The slightly tricky part is, that if the maximum date constraint is violated within the first relationship (like on one the three edges that come off the node in the image above), then that edge is broken in half and no other traversal down that path should be able to occur. (e.g., I don't want any of the leaf nodes).
I wrote this:
MATCH
(n)-[f1:FRIEND]-()-[f2:FRIEND]-(m)
WITH n, m,split('1962-1-1', '-') AS maxdate
WHERE n.person_id='180'
AND(
(
toInt(maxdate[0]) > toInt(split(f1.date, '-')[0])
)
OR
(
toInt(maxdate[0]) = toInt(split(f1.date, '-')[0])
AND
toInt(maxdate[1]) >= toInt(split(f1.date, '-')[1])
))
AND(
(
toInt(maxdate[0]) > toInt(split(f2.date, '-')[0])
)
OR
(
toInt(maxdate[0]) = toInt(split(f2.date, '-')[0])
AND
toInt(maxdate[1]) >= toInt(split(f2.date, '-')[1])
))
RETURN m;
This code block ran for about 20 minutes and eventually appears to have resulted in something close to what I was aiming for. Here's what it looks like in the browser:
(It has 350 nodes)
First, I'll admit that this is clearly some terribly written code (both in terms of aesthetics and performance). Second, I'm noticing the unassociated nodes on the perimeter.
What I think happened, is when the first degree relationship's date condition fails, but the second degree relationship's doesn't, and so I'm ending up with the 'friend of a friend' that I don't want to be included.
How can I modify my date condition such that I eliminate these free-standing nodes when the first degree edge is invalidated?
If anyone has any insight I would greatly appreciate it. (Not to get too mushy, but thanks to the SO community, I've already come relatively far pretty quickly, and for that I'm grateful.)
It should not run for that long in the first place, the main reason is that you don't have a label + index on your nodes.
addd those first:
CREATE CONSTRAINT ON (p:Person) ASSERT p.person_id is unique;
MATCH (n) where exists(n.person_id) SET n:Person;
if you have your time in yyyy-mm-dd
anyway (I hope so at least) you can compare them directly: (with 2 digits aka 01
) i.e. '2012-01-10' > '2011-08-31'
)
WITH '1962-01-01' AS maxdate
MATCH (n:Person)-[f1:FRIEND]-()-[f2:FRIEND]-(m:Person)

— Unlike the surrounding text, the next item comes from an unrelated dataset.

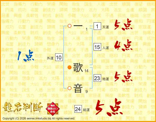 一歌音さんの総運は24画の5点!

WHERE n.person_id='180' AND f1.date < maxdate and f2.date < maxdate
RETURN m;
you can also use the short-form: (n:Person {person_id:'180'})

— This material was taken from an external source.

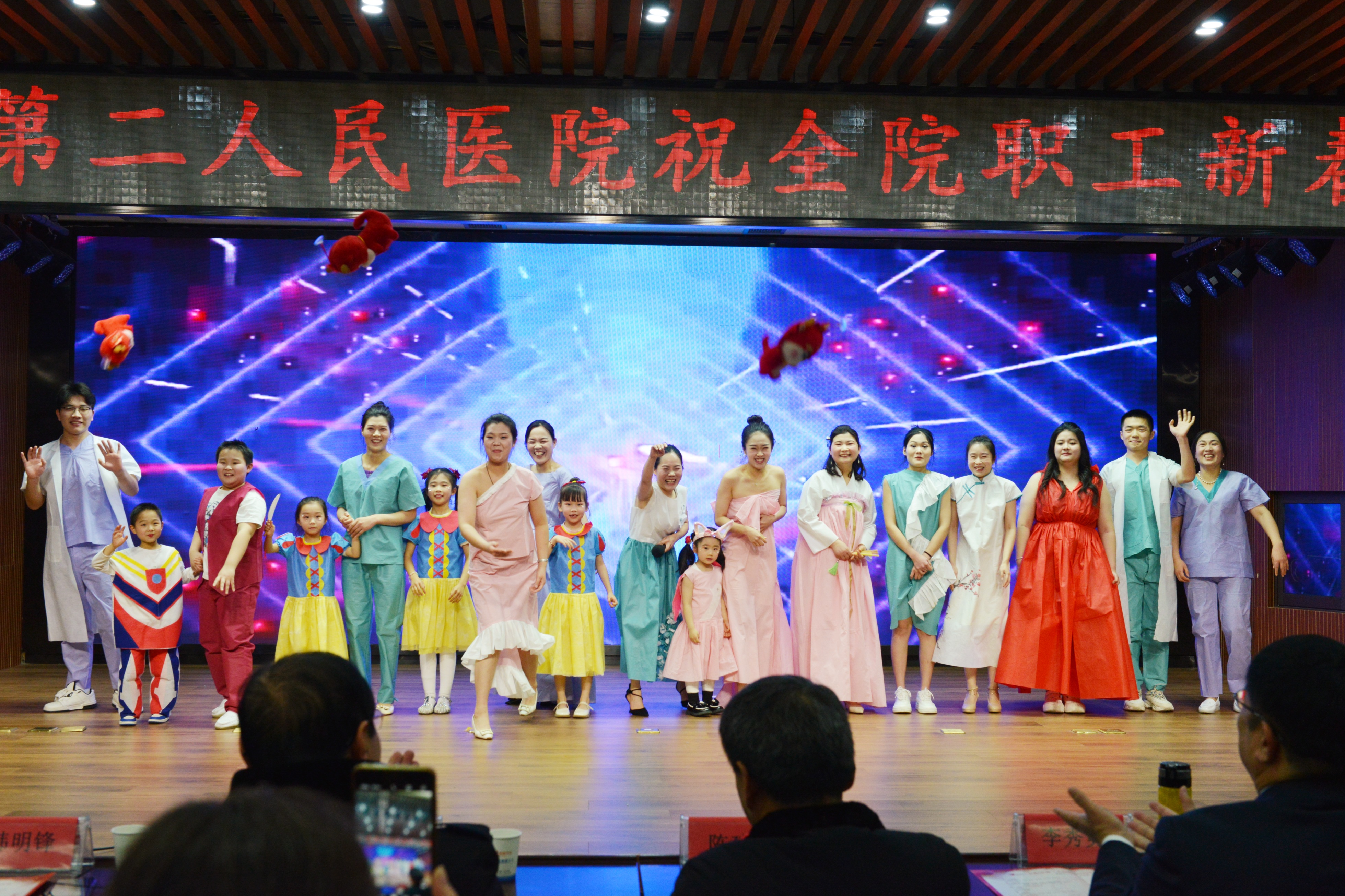 优美的歌舞表演、幽默的小品相声等艺术形式,抒发着二院人对党、对祖国的热爱之情和对美好未来的憧憬。

if you want to have a general expression on relationships in a path, use a variable rels
(which is then a collection) within your variable-length-path pattern:
WITH '1962-01-01' AS maxdate
MATCH (n:Person {person_id:'180'})-[rels:FRIEND*2]-(m:Person)

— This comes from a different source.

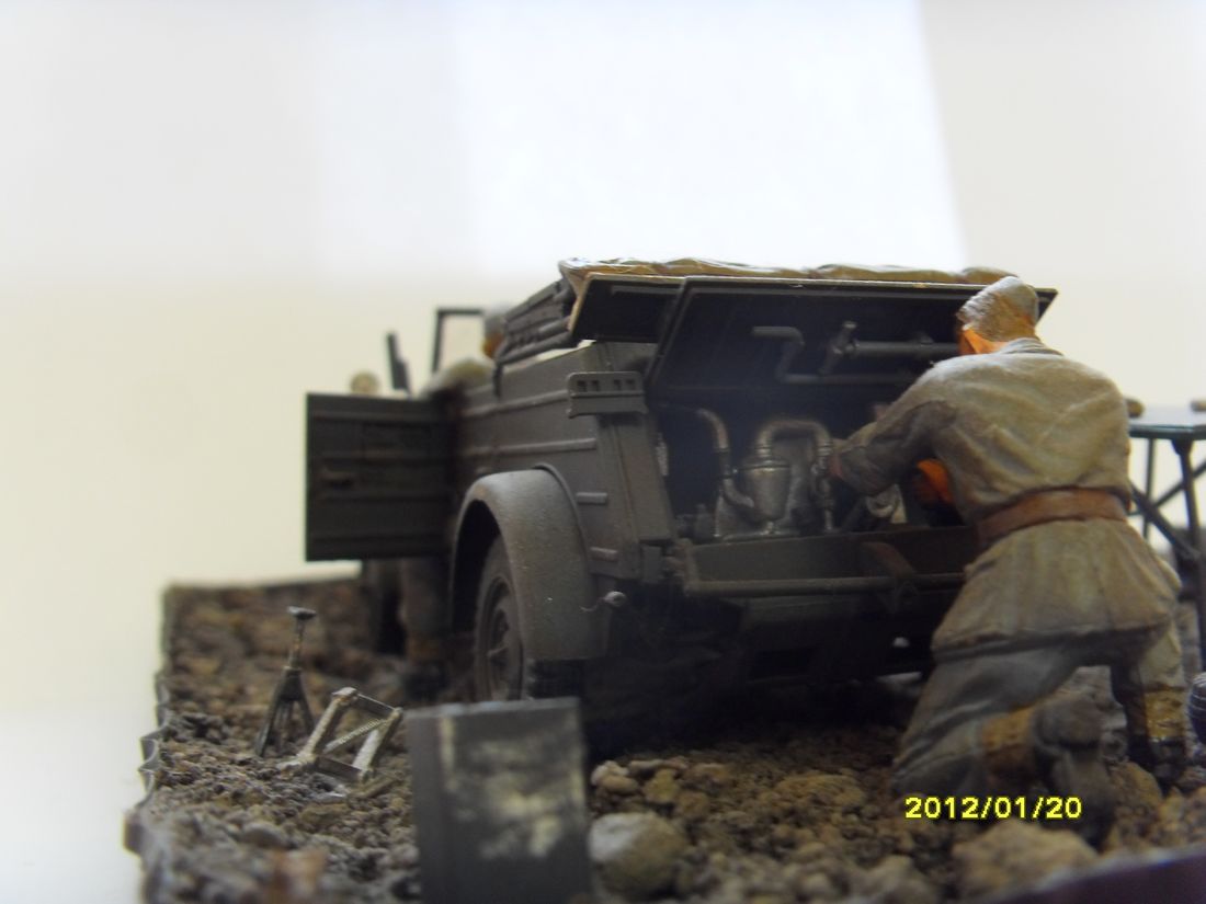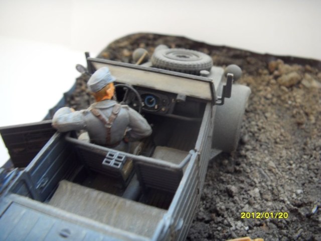 Видите ли Влад... Так, как водитель одет в китель м-43 (43-года выпуска) да еще и с гетрами, которые ранее лета-осени 43 на фронте и не встречались, да и кепи то же самое, то сам аппарат никак не может быть серым панцер-грей. Тамия позиционировала сей кит на период с 1943 и далее... Тут либо менять персонажей, либо перекрашивать тачку. Вообще, цвет гетр, амуниции здорово мимо кассы - увы.

WHERE ALL(r in rels WHERE r.date < maxdate)
RETURN m;
you can also use rels(path)
WITH '1962-01-01' AS maxdate
MATCH path = (n:Person {person_id:'180'})-[:FRIEND*2]-(m:Person)
WHERE ALL(r in rels(path) WHERE r.date < maxdate)
RETURN m;
or if the relationships of a path are in relation to each other:
WITH '1962-01-01' AS maxdate
MATCH (n:Person {person_id:'180'})-[rels:FRIEND*2]-(m:Person)
WHERE ALL(idx in range(0, size(rels)-2) WHERE (rels[idx]).date < maxdate AND (rels[idx]).date < (rels[idx+1]).date)
RETURN m;